I called her and used my whistle but to no avail. I blew it a few times and nothing. I knew if I went after her it would set a precedent and she would wind up going even further. Not knowing what to do I got into my car and started it up. And there she was. In all her bliss and glory running with this huge smile on her face. I opened the door and called to her and told her how good she was and she could not wait to get into the car.

And then it hit me, I don't need to set a specific time to teach her again how to respond to the whistle. All I need to do is use it every time we are going to leave the house and go for a ride in the car. I really like incorporating training with everyday life. It becomes such a natural extension of what we are learning together.

I remember watching a trainer on TED talks about how to use distractions and how to think about them. I caught a little bit of it but the principles stayed with me. All I needed to do was find something that was a greater distraction than the one that was causing the behavior she needed to learn, automatically setting up her to learn in a positive way.

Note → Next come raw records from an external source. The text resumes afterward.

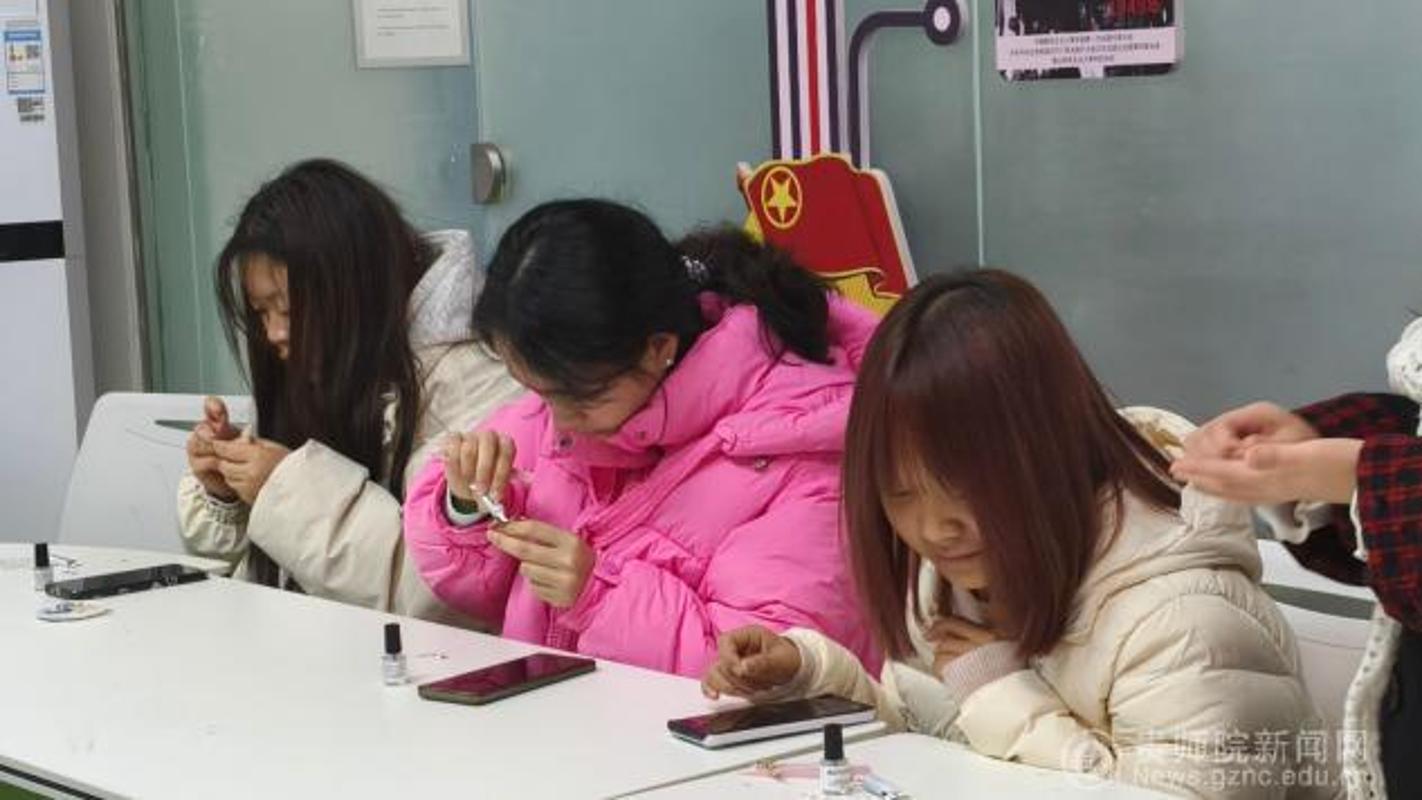 学院心理辅导站牵头策划此次活动,创新“传统文化+ 心理疗愈”模式,结合心理委员岗位需求筛选螺钿项目。活动现场,主持人解读技艺文化内涵,通过技巧点拨与鼓励引导,让非遗创作成为心理疏导的生动实践。
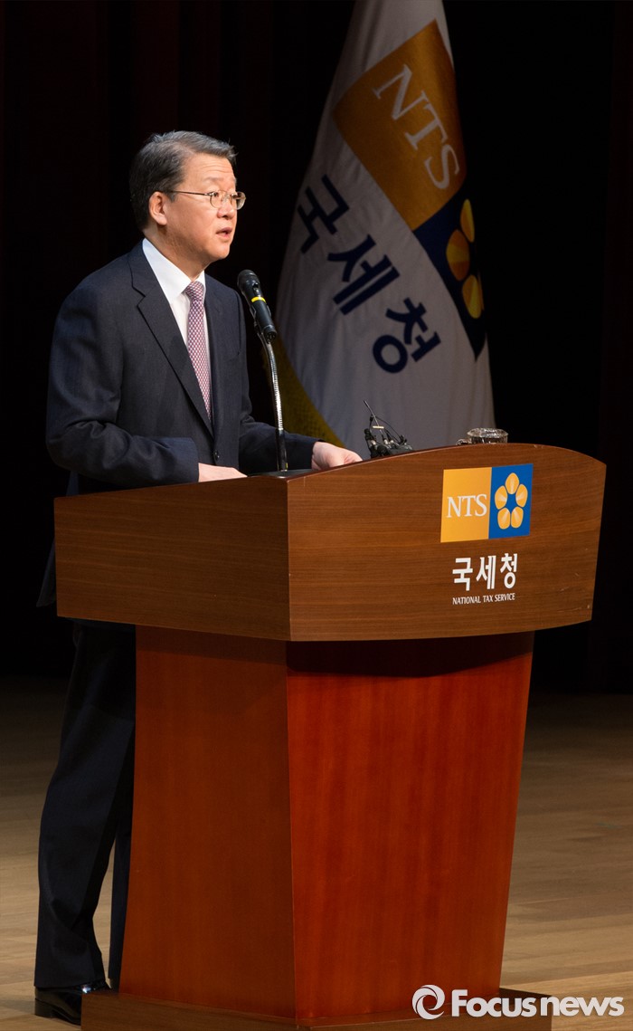 (세종=포커스뉴스) 임환수 국세청장이 28일 오전 세종시 정부세종2청사 국세청에서 열린 전국세무관서장회의에 참석해 당부말을 전하고 있다.
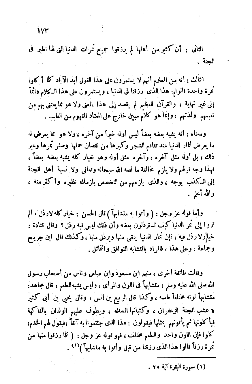 وقالت طائفة أخرى منهم ابن مسعود وابن عباس وناس من أصحاب رسول الله صلى الله عليه وسلم متشابها في اللون والمرأى وليس يشبه الطعم قال مجاهد: متشابها لونه مختلفا طعمه وكذا قال الربيع بن أنس وقال يحيى بن أبي كثير عشب الجنة الزعفران وكثبانها المسك ويطوف عليهم الولدان بالفاكهة فيأكلونها ثم يأتونهم بمثلها فيقولون هذا الذي جئتمونا به آنفا فيقول لهم الخدم كلوا فإن اللون واحد والطعم مختلف فهو قوله عز وجل: {كُلَّمَا رُزِقُوا مِنْهَا مِنْ ثَمَرَةٍ رِزْقاً قَالُوا هَذَا الَّذِي رُزِقْنَا مِنْ قَبْلُ وَأُتُوا بِهِ مُتَشَابِهاً}

So getting Coco to increase her stays meant taking a piece of fish that she loves and putting it on a plate in view and sitting nearby and putting her on a down stay. Each time increasing her stay a little longer. Each time making it a little more interesting by getting up and going into the kitchen to cook or do some dishes. Or putting the treat in another room and having her stay and then going into that other room and waiting there before I called to her. That one was tricky. In the beginning she couldn't last long but I put her back on her down stay, using the delicious treat to get her to want to follow me and then stay. And before long, she wasn't fazed by anything, a treat or where I was. All she knew was if she stayed in the down stay she would eventually get that delicious piece of fish. I used what distracted her, the fish to get her to focus.

It's amazing. Coco's own brain pathways develop and her own memories and thoughts and experiences become her own teacher over time. Cool stuff.